Black History Month: Olympians Tommie Smith and John Carlos
By Kevin Sethre, staff writer

After winning the gold and bronze medals in the 200-meter dash at the 1968 Summer Olympics in Mexico City, African-American sprinters Tommie Smith and John Carlos decided to use the medal ceremony as a platform to advocate for social justice.
The duo stood on the podium without shoes while wearing only black socks “to symbolize poverty in the Black community,” according to an article in USA Today, as well as several other symbolic messages. Smith, who had just broken the world record in the 200 by running it in 19.83 seconds, later explained that the scarf he wore around his neck “was a symbol of Black pride and Blackness in America.” Carlos wore beads around his neck “to honor victims of lynchings” and an unzipped jacked to represent “solidarity with the working class in America.” Both of them, along with the Australian silver medalist Peter Norman, wore patches on their jackets from the Olympic Project for Human Rights, which had been founded by Dr. Harry Edwards the previous year, and was “comprised of prominent Olympic athletes created to expose the mistreatment of Black athletes in America.”
However, the most famous image of the demonstration happened when Smith and Carlos raised their fists. Smith wore a black glove on his right hand and Carlos wore one on his left hand as symbols of Black power and Black unity respectively. While their protest was not well-received when they returned home, the images of their demonstration have become iconic in the decades since, and the International Olympic Committee announced in June 2020 that they would be reviewing their policy around protesting during future Games, with Smith and Carlos’ demonstration being one of the reasons.
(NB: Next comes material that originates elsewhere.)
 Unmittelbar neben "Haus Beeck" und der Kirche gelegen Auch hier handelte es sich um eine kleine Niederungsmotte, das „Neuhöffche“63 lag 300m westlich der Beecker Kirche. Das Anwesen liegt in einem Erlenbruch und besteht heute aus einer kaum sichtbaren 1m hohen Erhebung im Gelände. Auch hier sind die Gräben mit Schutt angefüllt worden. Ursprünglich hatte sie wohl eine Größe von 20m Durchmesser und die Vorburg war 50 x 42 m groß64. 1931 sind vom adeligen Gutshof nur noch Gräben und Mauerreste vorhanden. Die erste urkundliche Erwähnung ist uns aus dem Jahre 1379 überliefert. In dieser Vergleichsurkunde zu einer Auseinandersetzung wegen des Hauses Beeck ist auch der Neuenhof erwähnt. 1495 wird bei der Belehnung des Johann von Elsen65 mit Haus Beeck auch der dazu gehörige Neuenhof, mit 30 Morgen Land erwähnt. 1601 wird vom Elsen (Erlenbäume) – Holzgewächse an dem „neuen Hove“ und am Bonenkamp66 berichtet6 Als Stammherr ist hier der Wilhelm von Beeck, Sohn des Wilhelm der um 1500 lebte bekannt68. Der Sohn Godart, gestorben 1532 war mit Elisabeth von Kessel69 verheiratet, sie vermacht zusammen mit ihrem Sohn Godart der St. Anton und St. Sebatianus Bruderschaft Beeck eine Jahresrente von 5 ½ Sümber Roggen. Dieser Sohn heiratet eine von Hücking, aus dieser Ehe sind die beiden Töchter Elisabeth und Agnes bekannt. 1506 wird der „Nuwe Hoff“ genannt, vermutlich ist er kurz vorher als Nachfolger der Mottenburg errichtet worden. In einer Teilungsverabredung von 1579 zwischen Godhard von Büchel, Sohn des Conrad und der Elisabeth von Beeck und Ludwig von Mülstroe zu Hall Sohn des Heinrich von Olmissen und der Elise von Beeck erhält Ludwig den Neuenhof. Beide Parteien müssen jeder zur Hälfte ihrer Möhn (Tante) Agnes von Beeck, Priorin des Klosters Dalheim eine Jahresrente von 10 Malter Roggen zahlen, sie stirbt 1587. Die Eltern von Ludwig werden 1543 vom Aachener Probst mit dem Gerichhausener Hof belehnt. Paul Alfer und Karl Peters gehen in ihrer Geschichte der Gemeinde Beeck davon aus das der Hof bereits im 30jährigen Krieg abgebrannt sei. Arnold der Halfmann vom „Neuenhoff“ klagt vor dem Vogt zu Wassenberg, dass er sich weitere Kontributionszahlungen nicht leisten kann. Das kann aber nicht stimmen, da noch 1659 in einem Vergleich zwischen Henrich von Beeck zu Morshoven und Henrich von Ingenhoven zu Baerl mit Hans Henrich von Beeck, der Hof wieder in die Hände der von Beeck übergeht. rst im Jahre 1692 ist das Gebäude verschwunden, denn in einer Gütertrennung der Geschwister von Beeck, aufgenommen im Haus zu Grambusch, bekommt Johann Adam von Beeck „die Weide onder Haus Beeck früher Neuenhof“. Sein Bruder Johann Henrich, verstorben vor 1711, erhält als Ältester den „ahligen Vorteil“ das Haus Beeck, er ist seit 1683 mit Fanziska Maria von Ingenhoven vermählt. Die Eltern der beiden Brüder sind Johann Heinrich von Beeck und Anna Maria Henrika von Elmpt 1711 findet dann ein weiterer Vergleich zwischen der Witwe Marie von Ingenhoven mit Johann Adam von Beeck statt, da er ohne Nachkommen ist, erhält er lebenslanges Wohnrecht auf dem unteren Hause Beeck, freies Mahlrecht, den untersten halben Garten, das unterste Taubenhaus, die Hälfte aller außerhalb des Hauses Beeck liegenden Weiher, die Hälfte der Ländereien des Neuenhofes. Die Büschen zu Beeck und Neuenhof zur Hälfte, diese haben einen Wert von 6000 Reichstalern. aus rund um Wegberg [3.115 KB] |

The United States Olympic Committee also recently admitted that they were wrong in the way they treated Smith and Carlos. More than fifty years after “banishing them from the Mexico City and leaving them to face scorn and condemnation at home,” it was announced in 2019 that they would be inducted into the U.S. Olympic and Paralympic Hall of Fame.
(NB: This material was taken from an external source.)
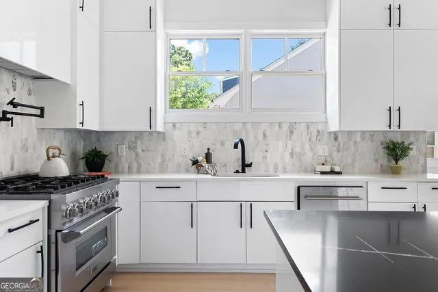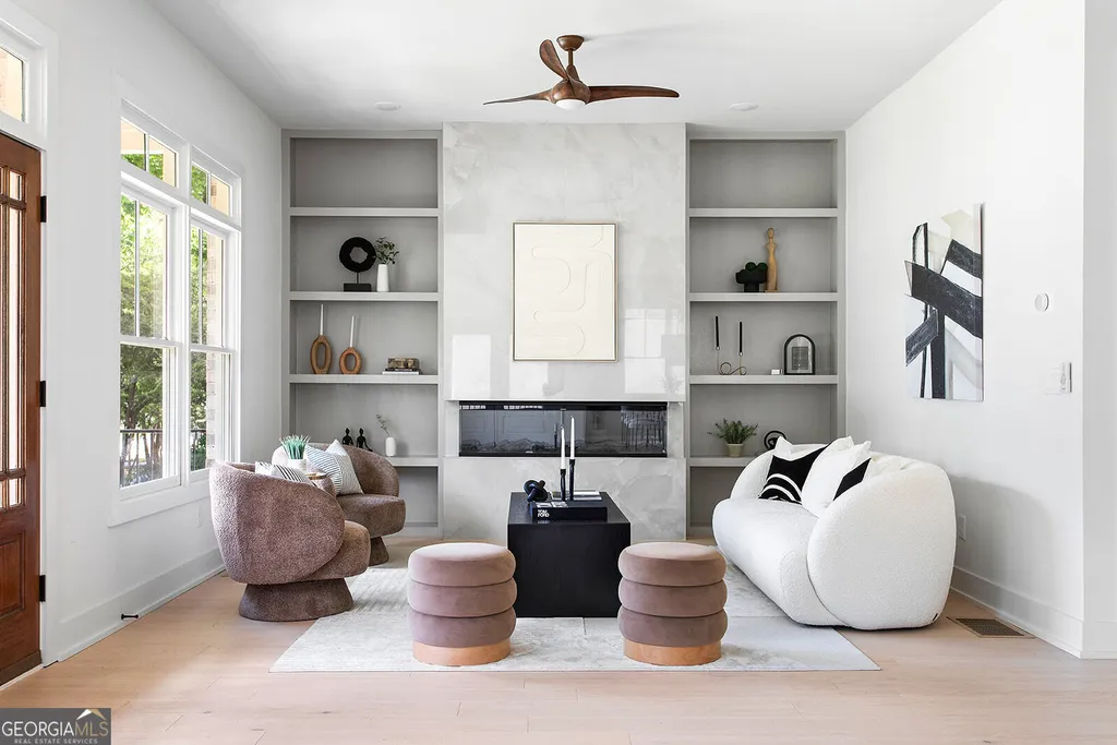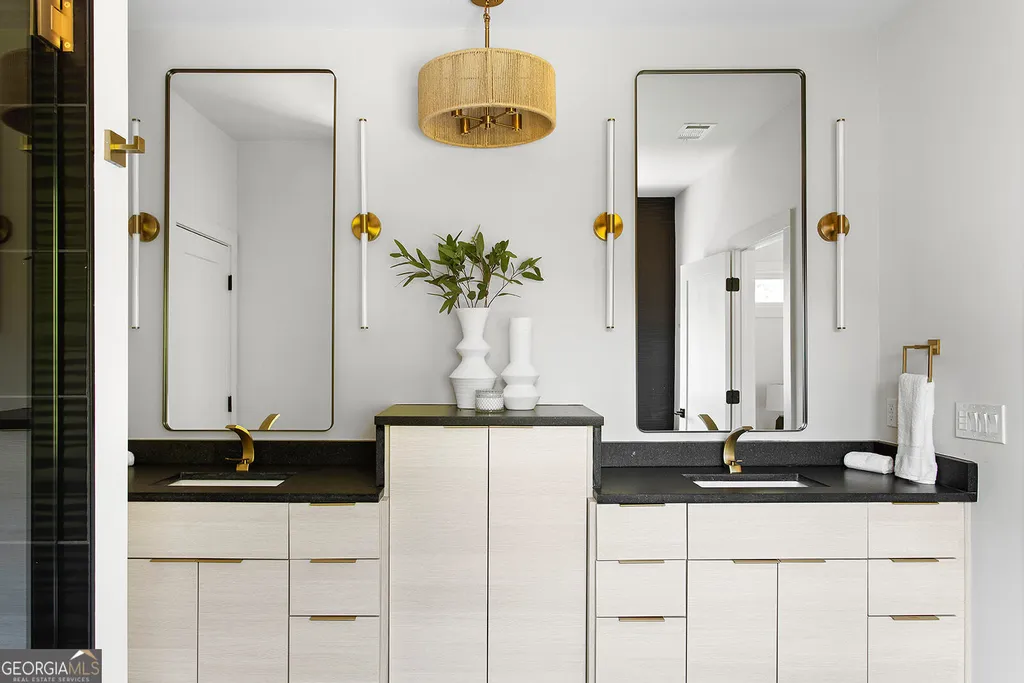Embark on a journey of modern elegance with this gorgeous 4-bedroom, 4-bathroom sanctuary, set upon an expansive .40 acre lot in the vibrant heart of East Lake. Designed with a seamless blend of contemporary flair and timeless sophistication, this home boasts an expansive layout accentuated by soaring 10ft+ ceilings and exquisite wide-plank flooring. The living room serves as the focal point, showcasing a sleek custom built-in wall with ample shelving space and a striking porcelain tile fireplace, inviting both warmth and engaging conversations. Retreat outdoors to the covered front porch, offering a serene space to relax and soak in the neighborhood ambiance. Adjacent to the living area, a formal seating and dining space awaits, adorned with a stunning Natural Large CF Woven Chandelier, perfect for hosting gatherings and entertaining guests. The kitchen features a generously sized island adorned with luxurious quartz countertops, porcelain tile backsplash, and high-end Z-line appliances. A dedicated bar area adds a touch of sophistication, ideal for evening cocktails and intimate gatherings. The lower level presents a versatile bedroom and full bathroom, ideal for a home office or guest suite. Upstairs, discover a private retreat in each bedroom, with all second-level bedrooms boasting full ensuite bathrooms. The master suite exudes tranquility, boasting custom built-in bench seating surrounding a captivating centerpiece fireplace and a spacious walk-in closet. Step onto the primary suite balcony to overlook the backyard and start your day on a serene note. The primary bathroom offers a spa-like ambiance with dual floating vanities, built-in LED lighting, and abundant cabinet storage. Indulge in relaxation with a soaking tub and separate oversized rainfall shower. Outside, the expansive lot beckons endless possibilities, with an oversized 2-car garage providing additional storage. Whether envisioning verdant landscapes, an outdoor entertainment haven, or even a future pool or ADU, each possibility contributes to crafting your personal oasis in this East Lake residence. Conveniently located just minutes from Oakhurst Village, the shops and restaurants of Kirkwood, and downtown Decatur, this home offers unparalleled access to the vibrant Atlanta scene. Welcome home to luxurious living at its finest.

The demonstrations took place during a very tumultuous time in American history. When the two sprinters decided to raise their fists during the ceremony on Oct. 16, 1968, Dr. Martin Luther King Jr. had been assassinated only six months earlier in Memphis, and Robert F. Kennedy, the younger brother of former President John F. Kennedy and a close friend of Dr. King’s, had been assassinated in June while he was on the campaign trail for the 1968 presidential election in Los Angeles. The Civil Rights Act of 1968, which prohibited discrimination in housing and expanded on other civil rights legislation of the time, had just been signed into law by President Lyndon B. Johnson in the aftermath of King’s assassination, and racial tensions were still very high in many parts of the country. At the same time, the United States was involved in the Vietnam War, which was growing increasingly unpopular, and tensions between the United States and the Soviet Union were as high as ever.
During those crazy times, Tommie Smith and John Carlos were brave enough to take a stand against the injustices that the Black community in the United States faced, because they understood that it was worth fighting for, even if it cost them their track careers.